Activity: The entries below are to be copied exactly, with every picture left out.

Source records:
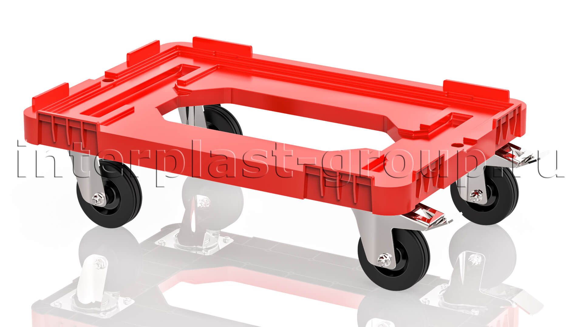 Тележка пластиковая с отверстием 2 колеса с тормозом красная
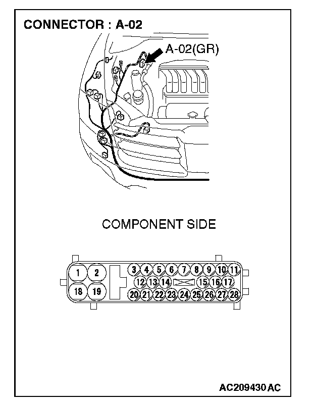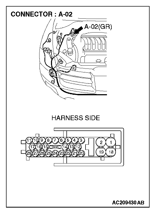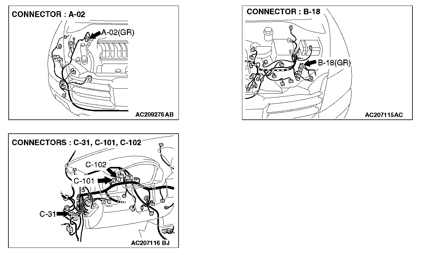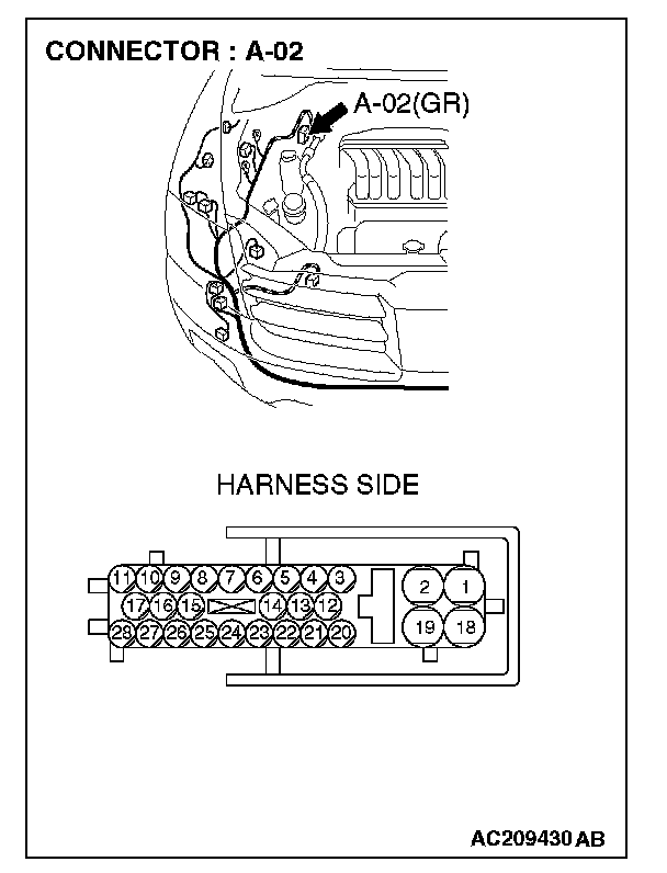 STEP 7. Check powertrain control module connector B-18 and ABS/TCL-ECU connector A-02 for loose, corroded or damaged terminals, or terminals pushed back in the connector.
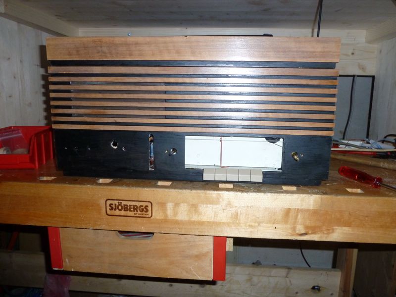 Die Vorderseite noch ohne die Skalenscheibe, hier fällt das schmale Chassis und damit die kurze Skala auf:
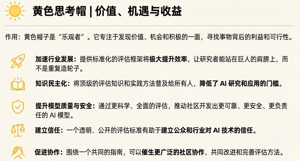 Hugging Face 开放评估生态的核心价值与战略意义。面对现代 AI 模型评估在标准化、可复现性和评估维度上的严峻挑战,它提供了一个强大而优雅的解决方案。通过在 Hugging Face 生态系统中推广一种标准化、可复现和社区驱动的评估范式,不仅解决了从业者的实际痛点,更为整个开源 AI 行业设定了新的标杆。
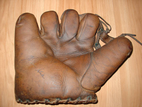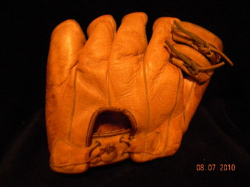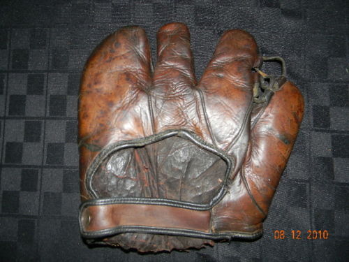This has the look of a D&M glove and could be the"Chuck Klein" model from the 1930's. The ebay listing was pretty vague. I think some D&M gloves in this era had pinky lacing and they were in grommets. The finger lacing here maybe is home-made and has gone wild! Finger stall bondage! Love the look though. Nice tunnel loop web and overall in decent shape. Went for $53 on ebay
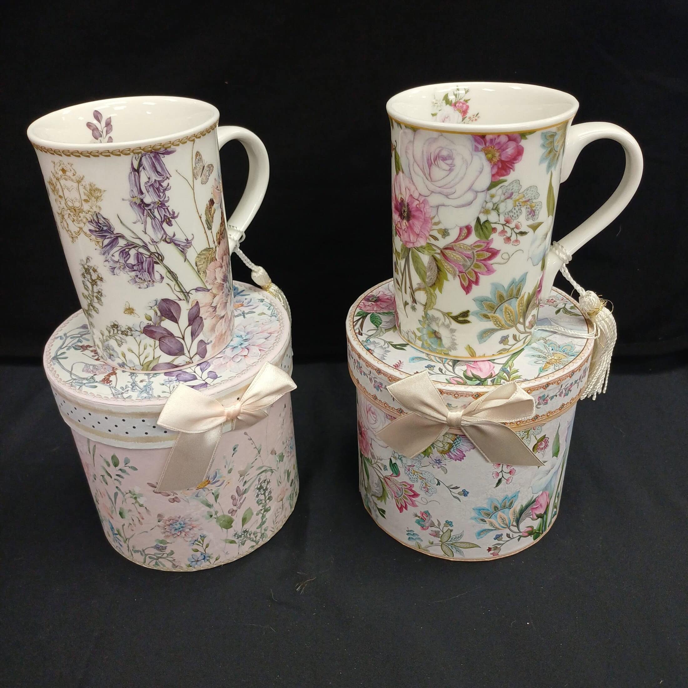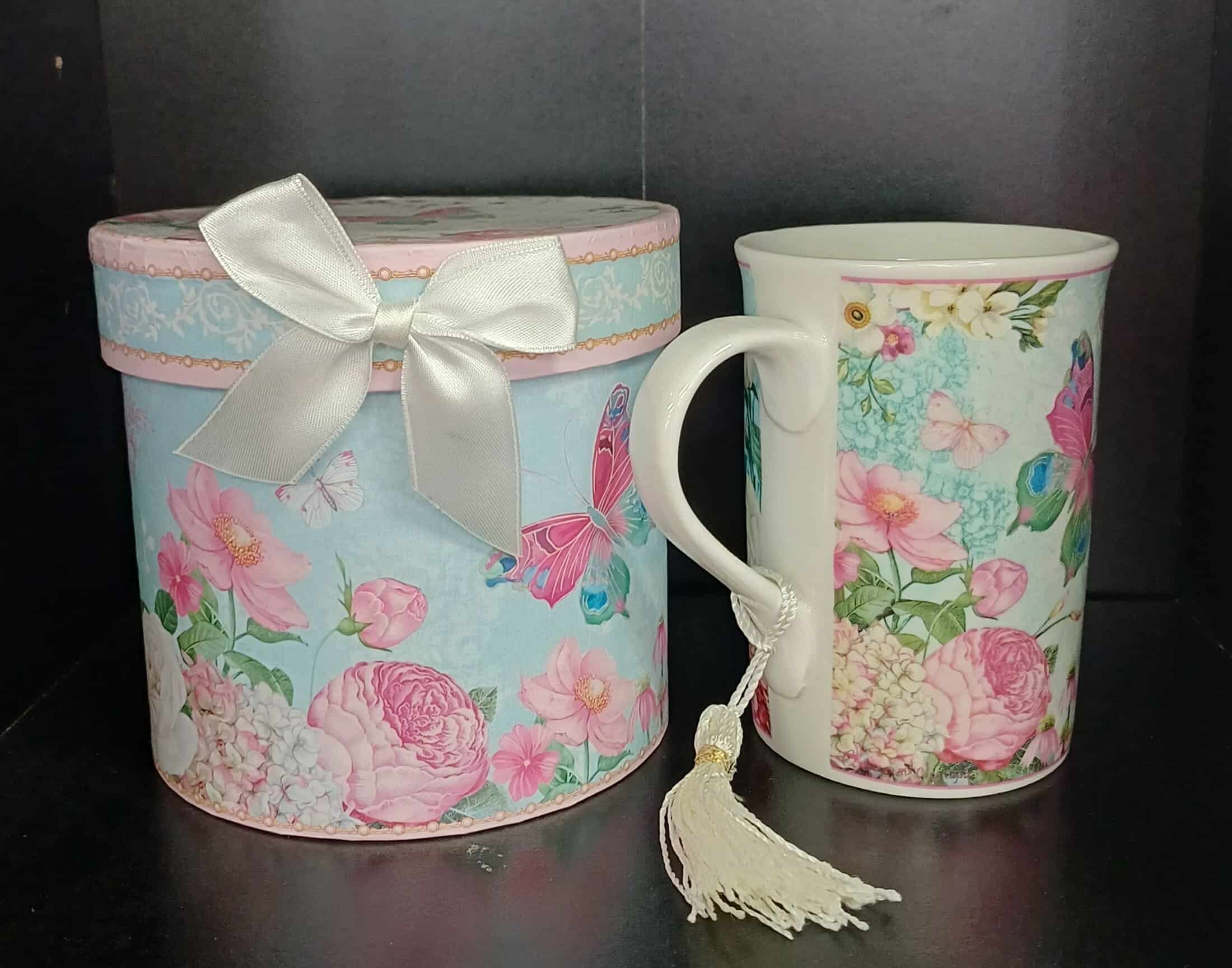 Delight someone special with this beautifully coordinated ceramic mug and gift box set, designed to bring charm and sophistication to any occasion.  Six different sets available in-store.
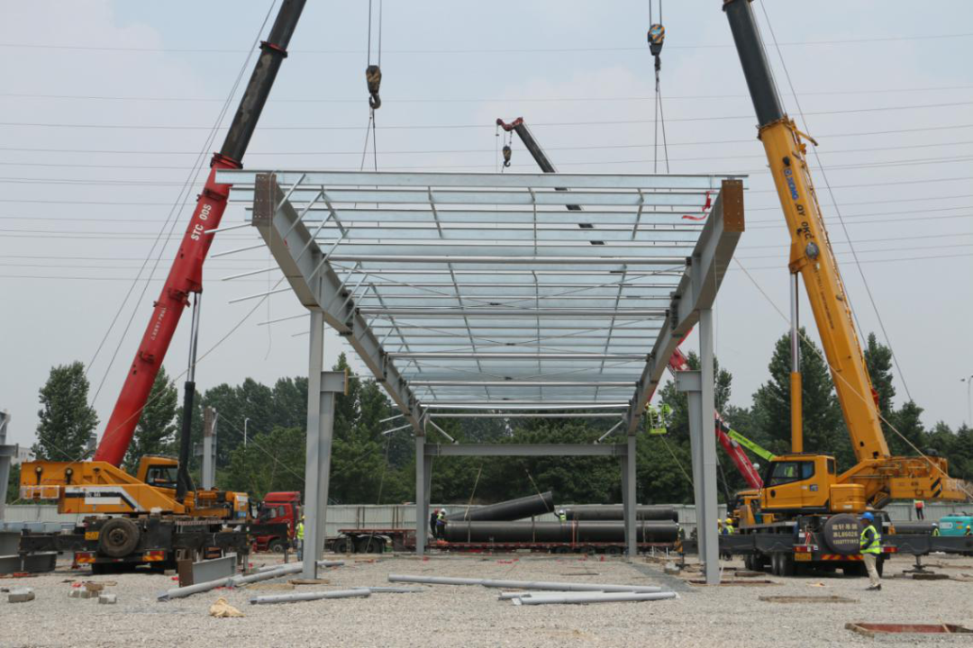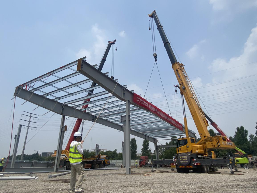 项目施工现场,数台大型机械来回作业,工人师傅们为了不误工期,加班加点,抢抓天时,争取在梅雨季节到来前,完成钢结构安装工作。项目的主结构吊装完成后,屋面板、墙面板、门窗安装等后续工作也将迅速开始。镇江公司工程部全体同事与施工单位人员将全力以赴,保质保量完成1.5GW高效组件智能制造工程项目的建设。
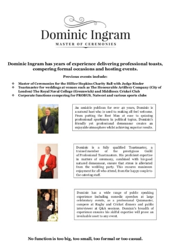 Dominic is a trained and experienced MC and Toastmaster based in Bedfordshire, providing his services across the Midlands and South East of England, bringing professionalism, distinction and ceremony to the occasion of your wedding or other event.
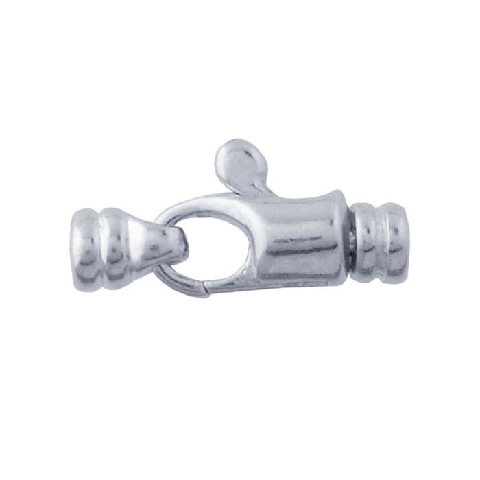 This sterling silver lobster clasp features end caps and a swivel mechanism to help keep strands from knotting and tangling. Ideal for bracelets and necklaces, this clasp is a great choice for designs that need to lie on the body without twisting. Use jeweler’s epoxy to secure cord into the end caps or solder chain directly into the ends.
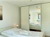 Das Schlafzimmer ist mit einem Doppelbett (bzw. auf Wunsch zwei Einzelbetten), Nachttischen und einem dreitürigen Schrank mit Schiebetüren und integriertem Spiegel ausgestattet.

Output below:
 Тележка пластиковая с отверстием 2 колеса с тормозом красная
 STEP 7. Check powertrain control module connector B-18 and ABS/TCL-ECU connector A-02 for loose, corroded or damaged terminals, or terminals pushed back in the connector.
 Die Vorderseite noch ohne die Skalenscheibe, hier fällt das schmale Chassis und damit die kurze Skala auf:
 Hugging Face 开放评估生态的核心价值与战略意义。面对现代 AI 模型评估在标准化、可复现性和评估维度上的严峻挑战,它提供了一个强大而优雅的解决方案。通过在 Hugging Face 生态系统中推广一种标准化、可复现和社区驱动的评估范式,不仅解决了从业者的实际痛点,更为整个开源 AI 行业设定了新的标杆。
This has the look of a D&M glove and could be the"Chuck Klein" model from the 1930's. The ebay listing was pretty vague. I think some D&M gloves in this era had pinky lacing and they were in grommets. The finger lacing here maybe is home-made and has gone wild! Finger stall bondage! Love the look though. Nice tunnel loop web and overall in decent shape. Went for $53 on ebay
 Delight someone special with this beautifully coordinated ceramic mug and gift box set, designed to bring charm and sophistication to any occasion.  Six different sets available in-store.
 项目施工现场,数台大型机械来回作业,工人师傅们为了不误工期,加班加点,抢抓天时,争取在梅雨季节到来前,完成钢结构安装工作。项目的主结构吊装完成后,屋面板、墙面板、门窗安装等后续工作也将迅速开始。镇江公司工程部全体同事与施工单位人员将全力以赴,保质保量完成1.5GW高效组件智能制造工程项目的建设。
 Dominic is a trained and experienced MC and Toastmaster based in Bedfordshire, providing his services across the Midlands and South East of England, bringing professionalism, distinction and ceremony to the occasion of your wedding or other event.
 This sterling silver lobster clasp features end caps and a swivel mechanism to help keep strands from knotting and tangling. Ideal for bracelets and necklaces, this clasp is a great choice for designs that need to lie on the body without twisting. Use jeweler’s epoxy to secure cord into the end caps or solder chain directly into the ends.
 Das Schlafzimmer ist mit einem Doppelbett (bzw. auf Wunsch zwei Einzelbetten), Nachttischen und einem dreitürigen Schrank mit Schiebetüren und integriertem Spiegel ausgestattet.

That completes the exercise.